Materials provided:
----
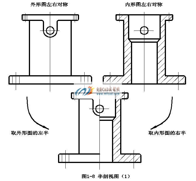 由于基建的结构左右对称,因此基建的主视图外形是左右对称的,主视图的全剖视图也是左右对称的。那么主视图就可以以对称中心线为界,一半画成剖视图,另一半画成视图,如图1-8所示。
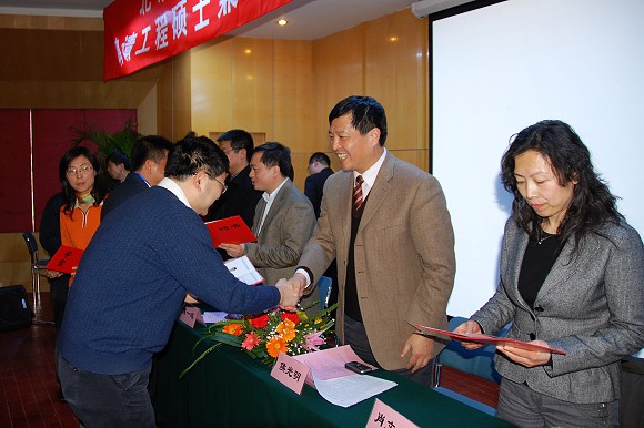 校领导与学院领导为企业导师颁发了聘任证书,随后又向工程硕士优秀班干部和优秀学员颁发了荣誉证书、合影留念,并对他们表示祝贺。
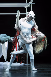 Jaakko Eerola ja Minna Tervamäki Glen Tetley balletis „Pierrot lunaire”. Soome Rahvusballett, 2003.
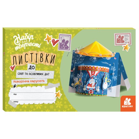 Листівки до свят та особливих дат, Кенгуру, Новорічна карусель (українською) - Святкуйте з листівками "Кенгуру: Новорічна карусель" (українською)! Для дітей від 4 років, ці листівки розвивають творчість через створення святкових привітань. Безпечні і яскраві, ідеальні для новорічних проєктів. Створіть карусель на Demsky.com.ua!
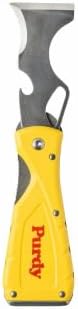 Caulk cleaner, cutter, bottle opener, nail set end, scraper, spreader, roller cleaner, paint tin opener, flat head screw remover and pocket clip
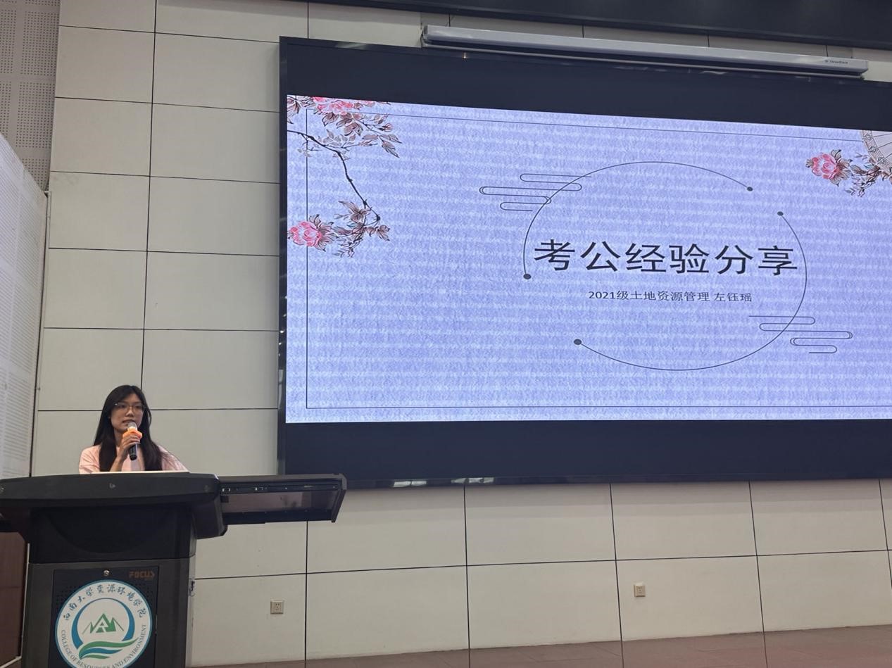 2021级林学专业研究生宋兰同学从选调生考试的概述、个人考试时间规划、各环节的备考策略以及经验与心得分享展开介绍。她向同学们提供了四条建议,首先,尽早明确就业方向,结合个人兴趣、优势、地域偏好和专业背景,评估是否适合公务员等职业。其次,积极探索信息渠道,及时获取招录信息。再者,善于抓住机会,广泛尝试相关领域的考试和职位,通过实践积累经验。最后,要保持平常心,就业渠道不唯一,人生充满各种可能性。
----
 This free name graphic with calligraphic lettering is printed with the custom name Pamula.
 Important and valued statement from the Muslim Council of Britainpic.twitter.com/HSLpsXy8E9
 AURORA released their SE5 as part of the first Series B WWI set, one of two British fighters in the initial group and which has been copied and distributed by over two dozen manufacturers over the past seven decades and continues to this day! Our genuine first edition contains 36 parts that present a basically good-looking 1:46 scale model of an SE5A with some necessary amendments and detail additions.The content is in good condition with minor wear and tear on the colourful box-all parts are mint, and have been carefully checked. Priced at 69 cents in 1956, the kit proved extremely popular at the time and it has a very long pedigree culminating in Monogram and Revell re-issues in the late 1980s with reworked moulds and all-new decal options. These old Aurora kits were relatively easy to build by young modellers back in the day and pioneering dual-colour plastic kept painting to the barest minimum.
----
Repeat exactly the stretch of the listing above that starts with the line holding "由于基建的结构左右对称,因此" and finishes with the line holding "Jaakko Eerola ja", both included. Skip every picture.

Response to this exercise:
 由于基建的结构左右对称,因此基建的主视图外形是左右对称的,主视图的全剖视图也是左右对称的。那么主视图就可以以对称中心线为界,一半画成剖视图,另一半画成视图,如图1-8所示。
 校领导与学院领导为企业导师颁发了聘任证书,随后又向工程硕士优秀班干部和优秀学员颁发了荣誉证书、合影留念,并对他们表示祝贺。
 Jaakko Eerola ja Minna Tervamäki Glen Tetley balletis „Pierrot lunaire”. Soome Rahvusballett, 2003.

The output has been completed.